Сергей Гурьевич был почти легендарной личностью. Территория, которую он курировал, в Москве считалась самой благонадежной. Он знал всех рецидивистов, мошенников, карточных шулеров. А о его проницательности воры слагали легенды. Бывает, заявится к какому-нибудь храпу, сядет на услужливо подставленный стул и молвит без затей:
– Вот что, Иваныч, привиделся мне сон, будто бы ты ювелира Мельникова решил ограбить.
Перепуганный храп неистово божится:
– Да разве бы я посмел, Сергей Гурьевич! Да пусть меня черти на тысячу кусков растащат, ежели так.
– А ты не боишься, что бесы и впрямь растащить смогут? – назидательно замечает ответственный чиновник, поднося водочку к губам. И, опрокинув в горло хмельной напиток, добавляет: – Вот что я хочу тебе сказать, охальник: если надумаешь порядок на моей территории мутить, так я тебя враз каторгой образумлю.

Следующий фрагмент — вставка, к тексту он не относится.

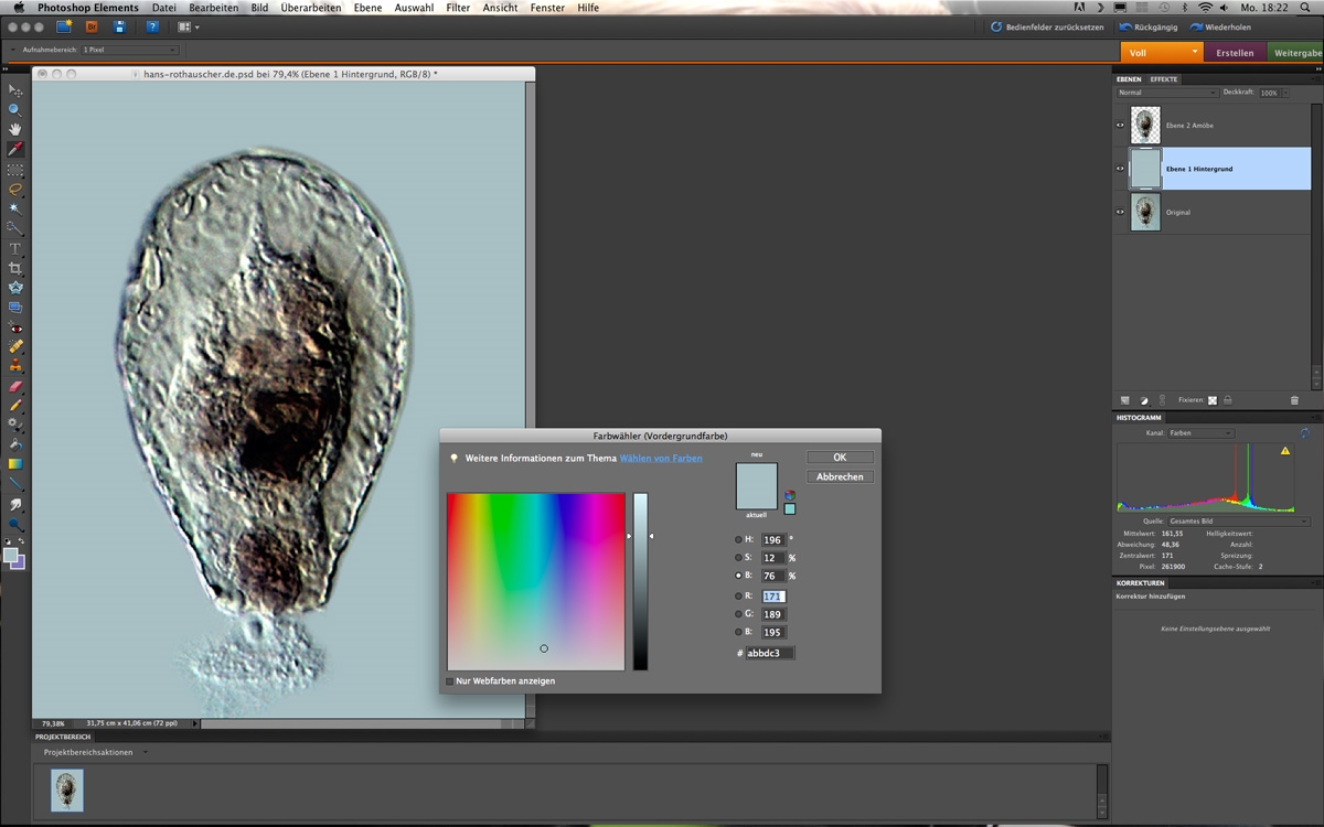 Mann könnte die Freigestellte und kopierte Amöbe auch in die neue Hintergrundebene einfügen, jedoch ist man dann nicht mehr so flexibel wenn es darum geht die Hintergrundfarbe zu ändern. Dieser Arbeitsschritt braucht keine Minute.
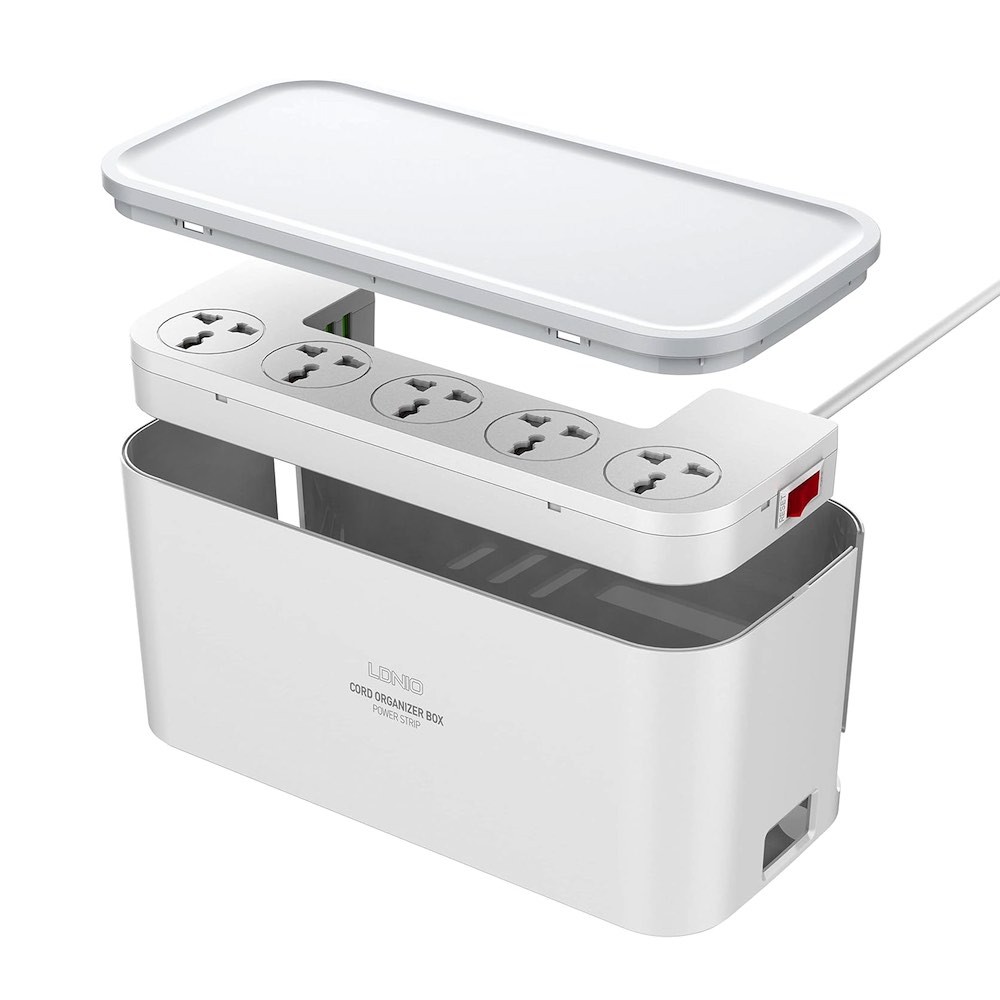 Разклонител с 5 изхода и вградени и 3хUSB-A изхода за мобилни устройства (бял) - LDNIO SN5309 Power Strip With Organizer 2500W

– Так как же мне быть, ваше благородие, – жалостливо канючит храп, – кормлюсь я.
Макаров посмотрит на татя хмуро, понимая, что наставлять вора мудреными речами так же бесполезно, как кормить волка морковкой.
– Каждый из нас своему ремеслу обучен, а только я хочу заметить тебе, нерадивый, даже волк подле своей норы овец не таскает, – и, оставив хозяина в полном недоумении, покидает барак.
Сергей Гурьевич Макаров имел целый штат осведомителей, среди которых были извозчики, актеры, публичные барышни. Каждый из них за небольшую плату готов был наблюдать не только за подозрительными личностями, но и присматривать за полицейскими чинами, сдружившимися с влиятельными храпами.
– Ну? – Крупные, слегка выпуклые глаза Аристова остановились на продолговатом лице Макарова.
– Я это к тому, ваше сиятельство, что у меня создается такое впечатление, что наш возмутитель спокойствия поделился своими секретами с товарищами по ремеслу. Вот они и разъехались, вооруженные опытом, по всей России-матушке. В Москве тесновато им будет. Мне так кажется, ваше сиятельство, что вместе с ними и наш мазурик из Москвы съехал.
– Съехал, говоришь? – глухо зарычал Аристов. – А кто же тогда, по-твоему, на Мытном дворе сейф открыл и вытащил из него триста тысяч рублей? Может быть, святой дух? – Строго посмотрел Григорий Васильевич на другого человека, находившегося у него в кабинете мужчину лет сорока с отвислыми щеками, очень смахивающего на старого бобра.
– Ваше сиятельство, – вытер он обильную испарину со лба. Создавалось впечатление, как будто он действительно только что вынырнул из реки. – Мои люди были расставлены всюду. Да он вот что надумал, потасовку устроил. Пока публика на смутьянов пялилась, так он сейф-то и открыл.
– Мне не надо об этом рассказывать, милейший, – продолжал размахивать газетой генерал. – Обо всем этом в «Ведомостях» пишут. Знаете, как они над нами измываются? Не читали еще? А вы почитайте, милейший, почитайте! Это не только меня касается, но и всех вас, – бросил он на стол газету. – Так и пишут: пока полиция спит, воры с отмычками спокойно разгуливают по Москве.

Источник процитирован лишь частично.